Polymersome–hydrogel composites with combined quick and long-term antibacterial activities†
Abstract
We present an antibacterial polymersome–hydrogel composite that combines the advantages of both antimicrobial peptides and antibiotics. The polymersomes are self-assembled from poly(ε-caprolactone)-block-poly(lysine-stat-phenylalanine) [PCL-b-P(Lys-stat-Phe)], exhibiting long-acting intrinsic antibacterial capabilities against both Gram-positive and Gram-negative bacteria. In addition, penicillin is encapsulated into the polymersomes, showing quick and enhanced antibacterial activities. Furthermore, a dynamic hydrogel network is prepared based on the Schiff base linkages between the aldehyde groups of dibenzaldehyde-functionalized PEG (DF-PEG) and the amino groups of chitosan.
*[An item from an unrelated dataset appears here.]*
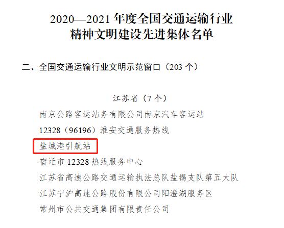 近日,交通運輸部印發(fā)《關(guān)于命名2020—2021年度全國交通運輸行業(yè)精神文明建設(shè)先進集體的決定》,鹽城港引航站作為2018—2019年度“全國交通運輸行業(yè)文明示范窗口”經(jīng)過復核確認,繼續(xù)保留稱號,且是我市唯一獲得該項榮譽的單位。

During this process, the penicillin-loaded polymersomes are grafted into the hydrogel networks by Schiff base linkages to afford polymersome–hydrogel composites, which exhibit two-stage antibacterial behavior: (1) penicillin can be released from the hydrogel networks for quick antibacterial function; (2) the polymersomes and the remaining penicillin can be further released for long-term antibacterial effects. Overall, this polymersome–hydrogel composite represents a new type of injectable antibacterial biomaterial for quick and long-acting antibacterial applications.